«Няня из Москвы» написана в традициях классического русского реализма, по старинке, с долгим сюжетом, с описанием бытия и быта со стороны, что исключало лиризм, движение авторских интуиций, легкие импрессионистские мазки.
Героиня — русская няня Дарья Степановна Синицына — оказывается в эмиграции, после Америки она попадает в Париж. Свою Дарью Степановну Шмелев «подсмотрел»: ее прототипом стала няня Груша из семейства Ф. Ф. Карпова в Севре. В доме Карпова Шмелевы снимали квартиру.
Груша часто рассказывала всякие истории — ее голос доносился до Шмелева через стену. Вот и Дарья Степановна рассказывает историю любви своей барышни, теперь кинозвезды Катички Вышгородской и ее жениха Васеньки Коврова, белого полковника. Дарья Степановна — и участница событий, и рассказчица: Шмелеву так хотелось побыть в стихии народного языка, насладиться речью, которую уже практически невозможно было услышать. Он, очевидно, испытывал тоску по живому слову, подобно Куприну, которому не хватало пары минут разговора с зарайским извозчиком, тульским банщиком, владимирским плотником, мещерским каменщиком — он иначе писать не мог…
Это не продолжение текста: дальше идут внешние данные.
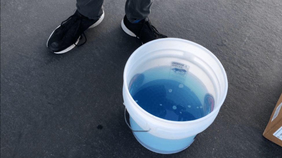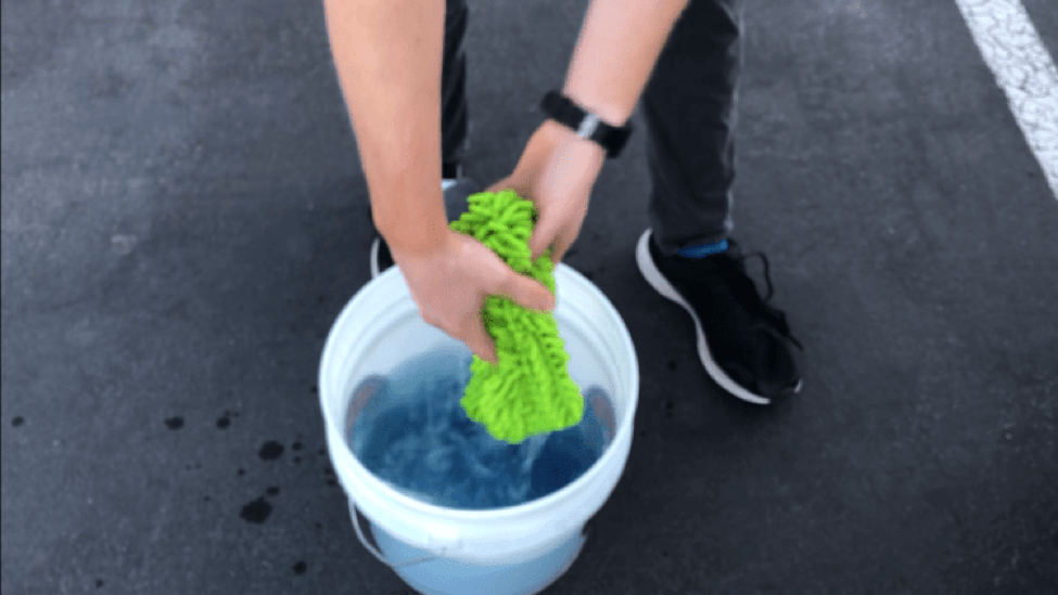 Put the advisable amount of solution in your bucket and make full it with h2o. You should exist able to fill your bucket upwards in a sink or a bathtub. Many detailers employ this type of rinseless wash on nearly of their details. If you exercise have a hose you can use that and arrive even easier. But you'll be only fine without ane. Don't forget to use your dust baby-sit. Take your bucket out to your car and put your wash mitt in the bucket.
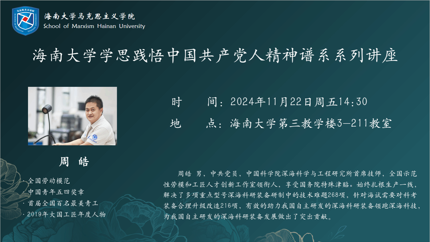 2024年11月22日下午,w66旗舰厅官网学思践悟中国共产党人精神谱系系列讲座正式开讲。公司邀请了中国科公司深海科学与工程研究所首席技师、2019年大国工匠年度人物周皓为2024级数学与统计公司本科生做专题讲座。周皓以“践行工匠精神 献身深海科考 新征程 再起航”为题,从成长经历、深海科考、工匠精神三方面为同学展开讲授,由凤翔书院郭孝伟老师主持,w66利来旗舰厅蔡文举副经理参加。
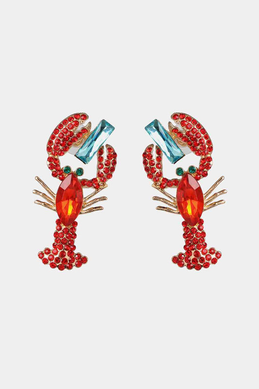 Ethnic Lobster Shape Glass Stone Dangle Earrings
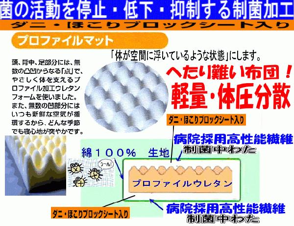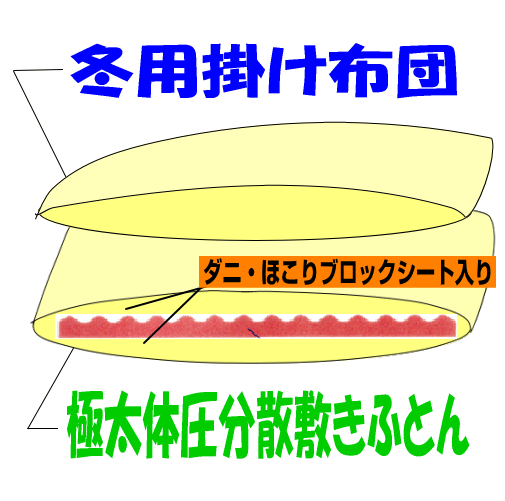 丸洗い可能なファイバー維わたを使用、アレルゲン対策として埃 ほこり、防ダニ ハウスダスト対策としてダニ・ホコリブロックシートを採用したも最適なここでしかない布団です。
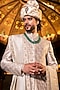Featuring a pale green sherwani in raw silk base with thread and sequins hand embroidery. It is paired with a beige kurta, an embroidered stole and churidar pants. Perfect for wedding ceremonies.
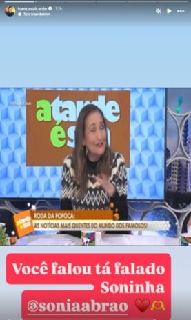 “Se você falou, está falado, Soninha!”, respondeu o titular do ‘Acerte Ou Caia’, diretamente dos stories de seu Instagram, com direito a um emoji de coração, compartilhando um vídeo de Sonia Abrão dizendo que o seu caso não tem ligamento algum com a polêmica que a atração da Record foi envolvida nos últimos dias.
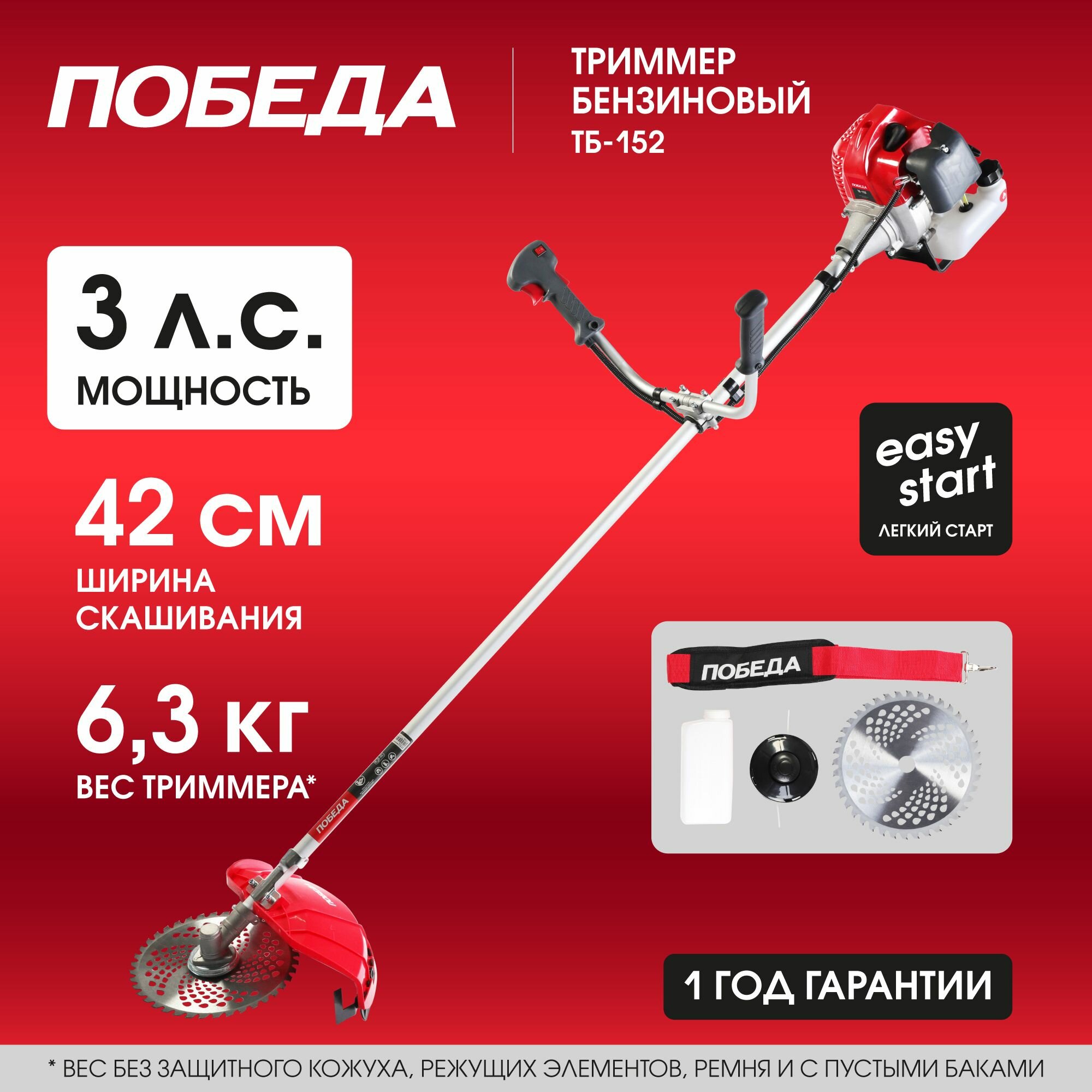 Триммер бензиновый Победа ТБ 152, раб. объем 52сс, 3,0 л.с., велосипедная рукоятка, катушка с леской, 40 зуб., нож 255 мм / бензотриммер
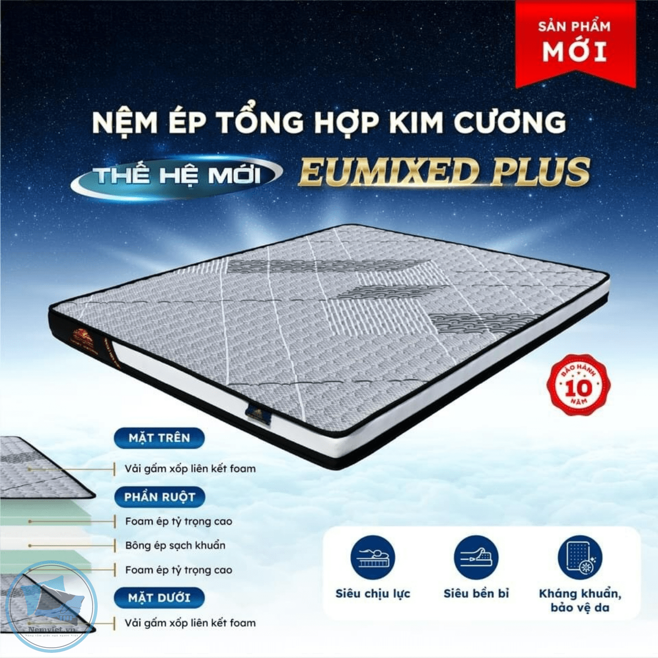 Nệm Cao Su Ép Tổng Hợp Kim Cương Thế Hệ Mới – Eumixed Plus
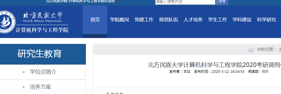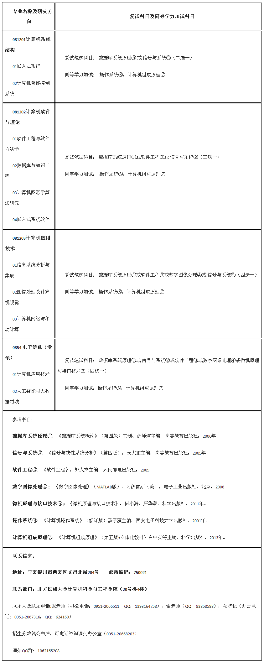 以上就是“2020考研調劑信息:北方民族大學計算機科學與工程學院2020考研調劑信息”的全部內容!更多考研調劑內容,請關注考研調劑信息欄目!

Шмелев — мастер сказа, но писать роман от лица простолюдинки оказалось для него достаточно мучительно. Он сам на себя ворчал: «Руки связал себе, свободы себя лишил, как рассказчика, который волен дополнять и уяснять. Взял такой примитивный аппарат, как старухин язык, — да это же — блоху подковывать молотком кузнечным, — от блохи что останется? И получился — плач… „на реках вавилонских“, у 77 дорог. Ску-ли, старуха… выдирайся на бережок, спа-сай силой, тебе присущей…»[415] Он опасался монотонности повествования. В октябре 1932 года послал Ильину 137 страниц из написанных 172 и спрашивал, не нудно ли. Текст расползался, Шмелев чувствовал хаотичность композиции, но сам же и оправдывал эту хаотичность: старуха-то путается, а иначе не может рассказывать — душа ее измучена.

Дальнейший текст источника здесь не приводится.